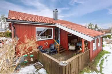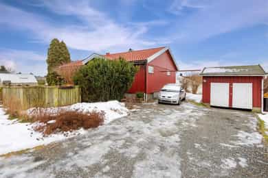 Enebolig på solrik hjørnetomt på 940 m² - Hage, terrasse og garasje - Barnevennlig og rolig område - Oppgraderingsbehov
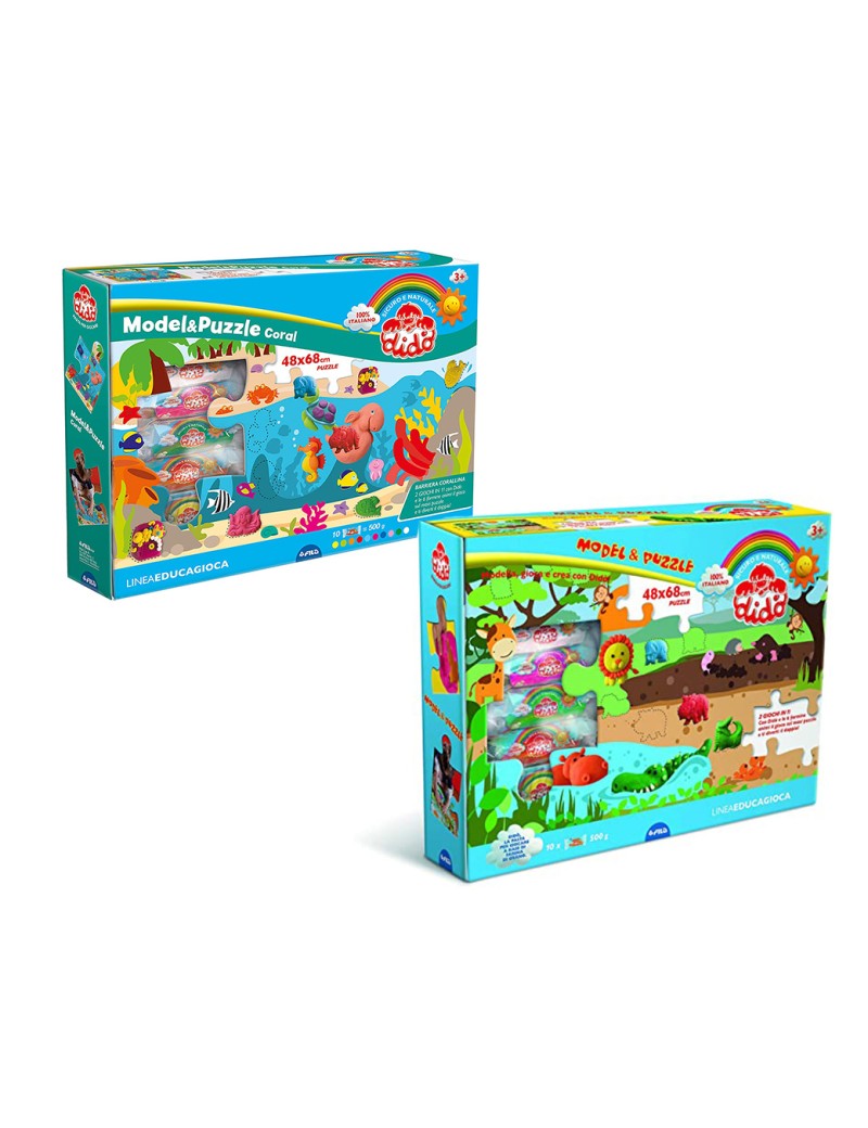 Didò model puzzle, un gioco che ne vale due. Questa confezione propone due giochi in uno. Un maxi-puzzle da comporre e su cui giocare, dopo aver posizionato sul puzzle nelle zone tratteggiate gli animali modellati con le formine didò.
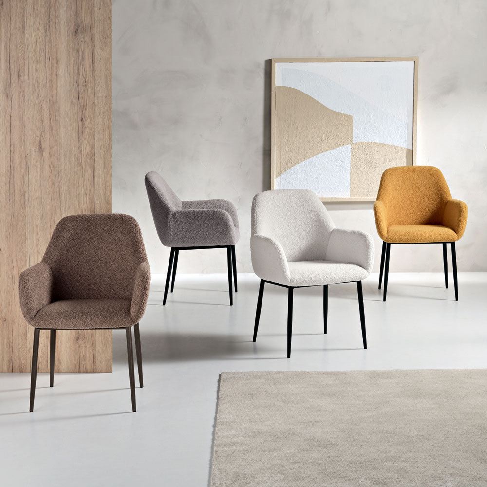 Der Stuhl verfügt über eine breite, bequeme Sitzfläche mit integrierten Armlehnen und besticht durch seine kompakte, geometrische Form, die für hohen Sitzkomfort im Alltag sorgt. Der Bouclé-Stoff unterstreicht die Weichheit der Sitzfläche und schafft so ein perfektes Gleichgewicht zwischen Ästhetik und Funktionalität.
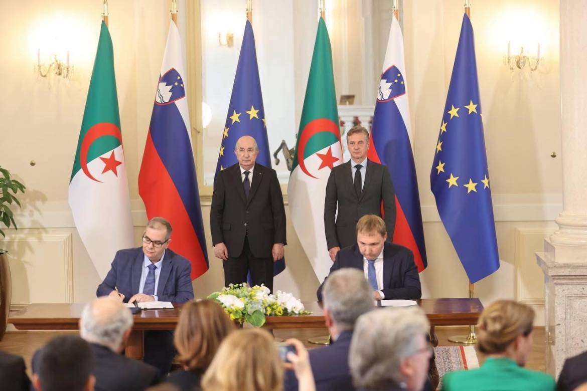 La signature du contrat s’est tenue au siège de la Présidence de la République de Slovénie, en présence du président Abdelmadjid Tebboune et du Premier ministre slovène Robert Golob.
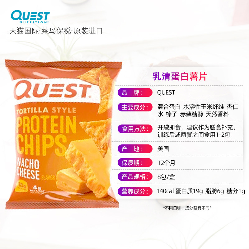 Импортные квестовые белковые чипы картофеля с низким содержанием куски для приема пищи, молоко -клейрная энергетическая палочка с высоким содержанием белка

◆ ◆ ◆

**Aim of the task**: Retype the line containing "La signature du" and each line after it through the last line of the entries above, exactly, with no pictures and nothing else.

**Answer section**:
 La signature du contrat s’est tenue au siège de la Présidence de la République de Slovénie, en présence du président Abdelmadjid Tebboune et du Premier ministre slovène Robert Golob.
 Импортные квестовые белковые чипы картофеля с низким содержанием куски для приема пищи, молоко -клейрная энергетическая палочка с высоким содержанием белка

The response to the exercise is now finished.